O papel que nos tocou desempenhar na história da Humanidade ri-se da soberba europeia. A via-sacra da nossa aventura ingente deixou-nos na pele uma nova tatuagem e o sudário de uma condição desgarrada; transformou-nos em arlequins de roupa multicolorida. Somos híbridos, mestiços, polimorfos, ubíquos, divididos e perdidos na lonjura e na distância. Uma colcha de retalhos e estilhaços, a revelar a unidade da espécie humana. Antes tínhamos só as marcas do agro originário; hoje temos traços de outras culturas, somos também africanos, asiáticos, angolanos, brasileiros, cabo-verdeanos, goeses, guineenses, macaenses, moçambicanos, timorenses etc. Temos a pátria aumentada e gememos por todas as suas parcelas no desespero duma opção impossível. Somos duplos? É claro que não somos duplos, somos isso sim um ser por inteiro, mais humano, mais solidário, mais comunitário. Somos sim um sujeito mais universal, um cidadão global e planetário. Como um Cristo de amplos braços. A isso chama-se ser português.

No decurso da nossa peregrinação e errância houve desencontros com os povos que connosco se cruzaram. Mas também houve encontros, aproximações, paixões, amores e sexo insubmissos a pudores da epiderme e a arrogâncias biológicas, redundando em casamentos que misturaram o sangue e geraram laços e afectos. Por isso somos Sísifos com as pernas escanchadas sobre o oceano, apostados em secá-lo e unir as suas margens.

Estava em Cabo Verde quando Portugal jogou com Angola. Alegrei-me com a vitória, mas não entrei em excesso de festa e euforia. Talvez os angolanos precisassem mais do que nós de ganhar para porem uma pincelada de alegria em cima da espessa camada de agrura e incerteza que cobre o seu dia-a-dia. Para Angola vai, pois, uma saudação de estima e apreço pelo feito realizado, tal como a minha profunda sintonia com o entusiasmo que varreu o povo angolano.

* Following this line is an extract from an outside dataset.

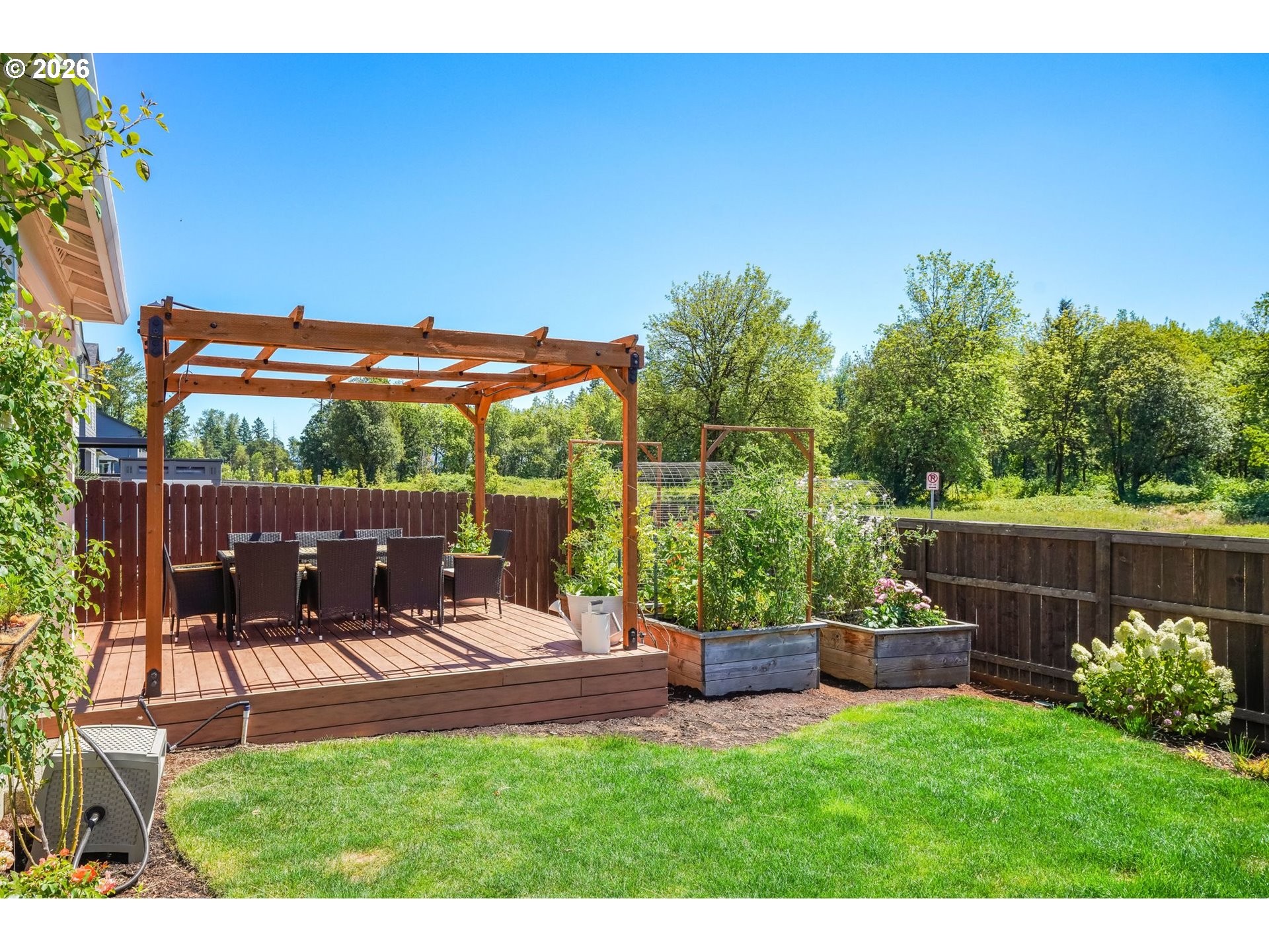 Deck, Fenced, Garden, Porch, RaisedBeds, Sprinkler, Yard

Em Cabo Verde senti a identificação com Portugal. Ela mantém-se viva, apesar das vicissitudes da política e do poderoso cortejo de interesses económicos que tudo fazem para destruir laços antigos e, em seu lugar, colocar outros mais superficiais e surdos à voz dos afectos. A nossa Selecção também é a de muitos cabo-verdeanos, mas o Brasil também conquista cada vez mais corações naquelas paragens. Este facto dá-me satisfação, por ser prova insofismável de que a Comunidade dos Países de Língua Portuguesa tem raízes fundas no sentir dos povos que a perfazem. Ela é uma realidade bem mais sólida e visível nas atitudes das pessoas do que no cenário político.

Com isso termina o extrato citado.